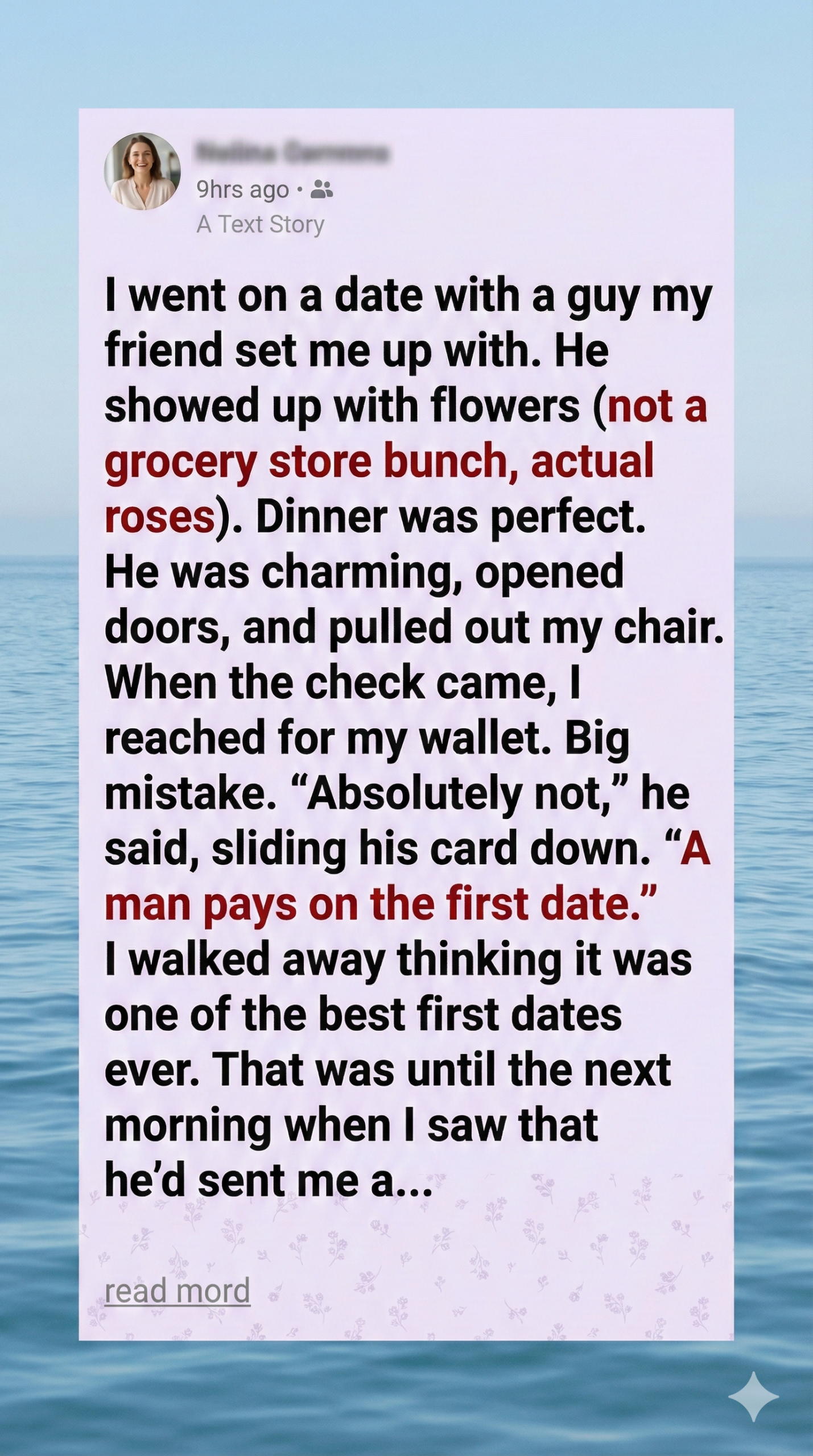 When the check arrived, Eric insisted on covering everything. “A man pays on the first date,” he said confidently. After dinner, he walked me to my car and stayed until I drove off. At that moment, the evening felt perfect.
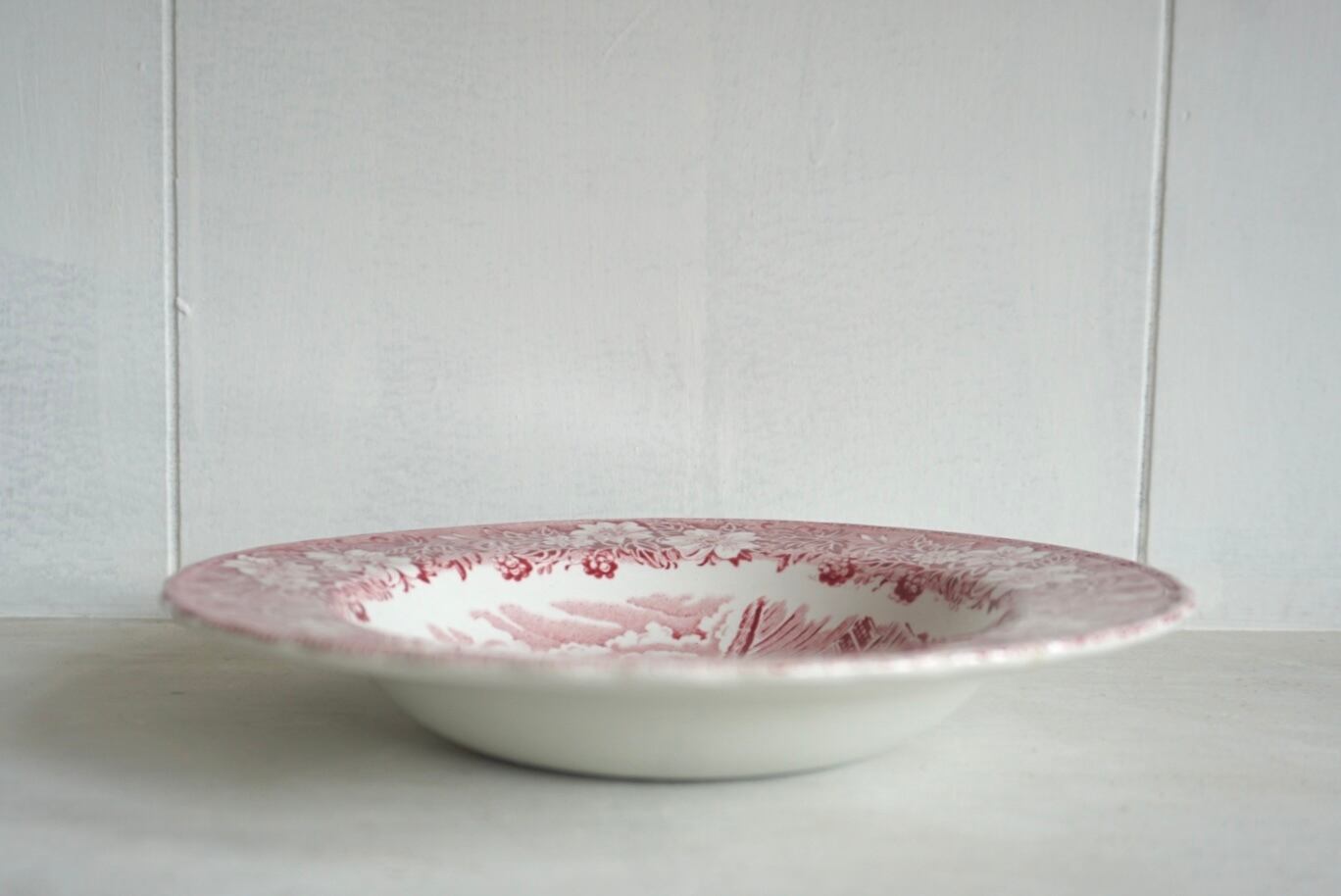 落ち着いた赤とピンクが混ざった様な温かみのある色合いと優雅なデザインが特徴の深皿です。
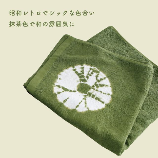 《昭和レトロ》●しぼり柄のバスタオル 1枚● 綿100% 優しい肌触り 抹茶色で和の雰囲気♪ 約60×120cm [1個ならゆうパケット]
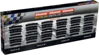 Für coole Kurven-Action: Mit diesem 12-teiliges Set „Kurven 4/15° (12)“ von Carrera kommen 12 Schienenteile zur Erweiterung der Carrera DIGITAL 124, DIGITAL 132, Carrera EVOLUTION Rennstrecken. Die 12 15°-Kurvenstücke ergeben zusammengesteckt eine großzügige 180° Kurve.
* * *
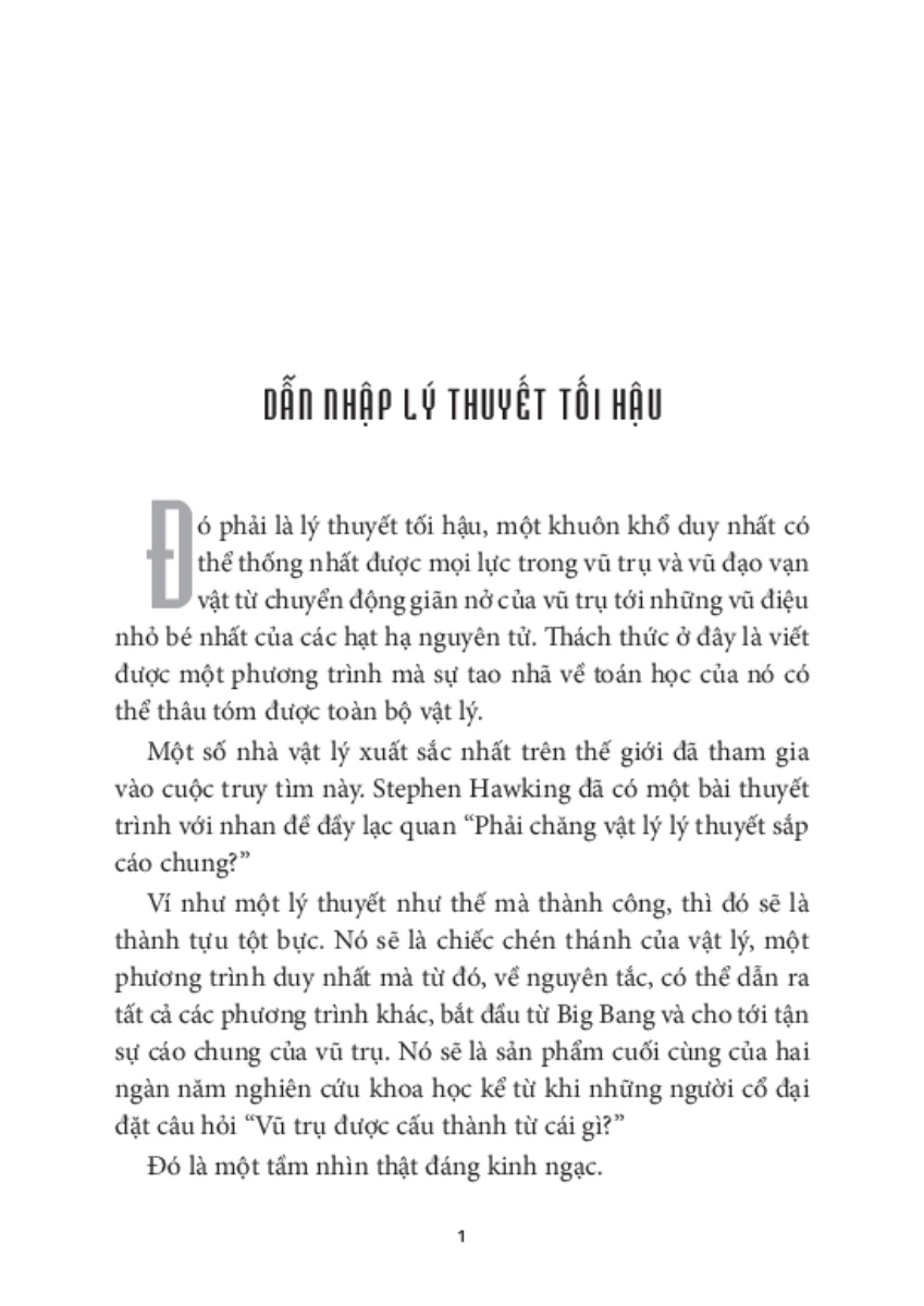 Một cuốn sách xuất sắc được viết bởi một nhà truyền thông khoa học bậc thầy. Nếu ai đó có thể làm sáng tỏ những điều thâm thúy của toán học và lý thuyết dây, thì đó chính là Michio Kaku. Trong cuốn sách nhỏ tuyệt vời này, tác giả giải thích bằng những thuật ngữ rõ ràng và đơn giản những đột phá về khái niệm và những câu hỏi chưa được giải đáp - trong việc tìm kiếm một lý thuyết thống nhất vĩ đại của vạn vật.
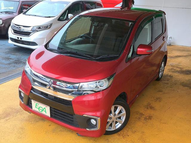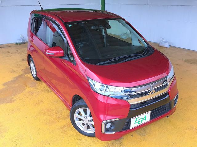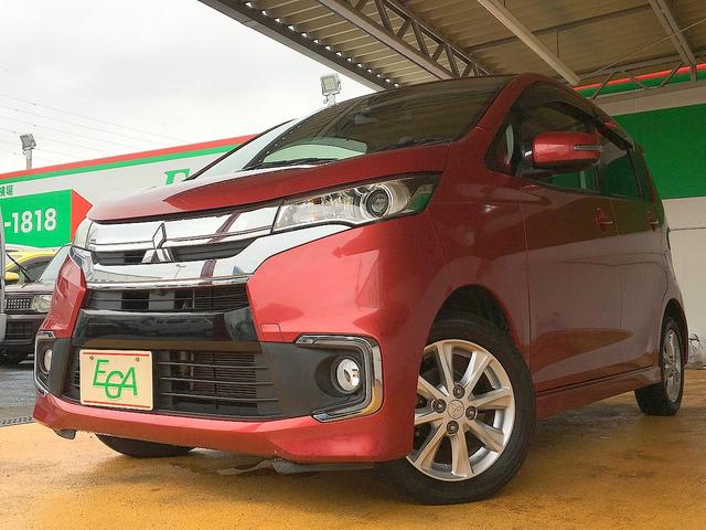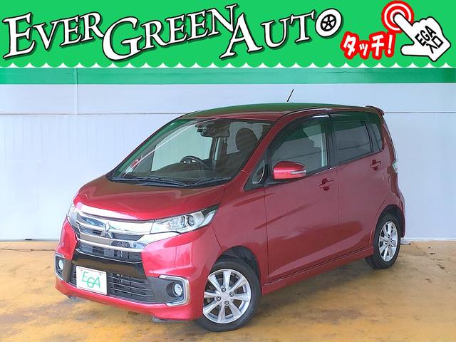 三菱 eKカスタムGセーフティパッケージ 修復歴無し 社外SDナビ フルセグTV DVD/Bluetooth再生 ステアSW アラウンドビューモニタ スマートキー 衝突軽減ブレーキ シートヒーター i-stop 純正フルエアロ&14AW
---
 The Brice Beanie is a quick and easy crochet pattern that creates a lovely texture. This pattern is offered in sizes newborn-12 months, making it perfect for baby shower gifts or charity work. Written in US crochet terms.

### [What you are asked to do]
Please copy out from the data above, without any picture, exactly the lines running from the one that holds "抹茶色で和の雰囲気♪ 約60×120cm [1個ならゆうパケット]" through the one that holds "Für coole Kurven-Action: Mit", and nothing beyond them.

### [Task answer]
 《昭和レトロ》●しぼり柄のバスタオル 1枚● 綿100% 優しい肌触り 抹茶色で和の雰囲気♪ 約60×120cm [1個ならゆうパケット]
 Für coole Kurven-Action: Mit diesem 12-teiliges Set „Kurven 4/15° (12)“ von Carrera kommen 12 Schienenteile zur Erweiterung der Carrera DIGITAL 124, DIGITAL 132, Carrera EVOLUTION Rennstrecken. Die 12 15°-Kurvenstücke ergeben zusammengesteckt eine großzügige 180° Kurve.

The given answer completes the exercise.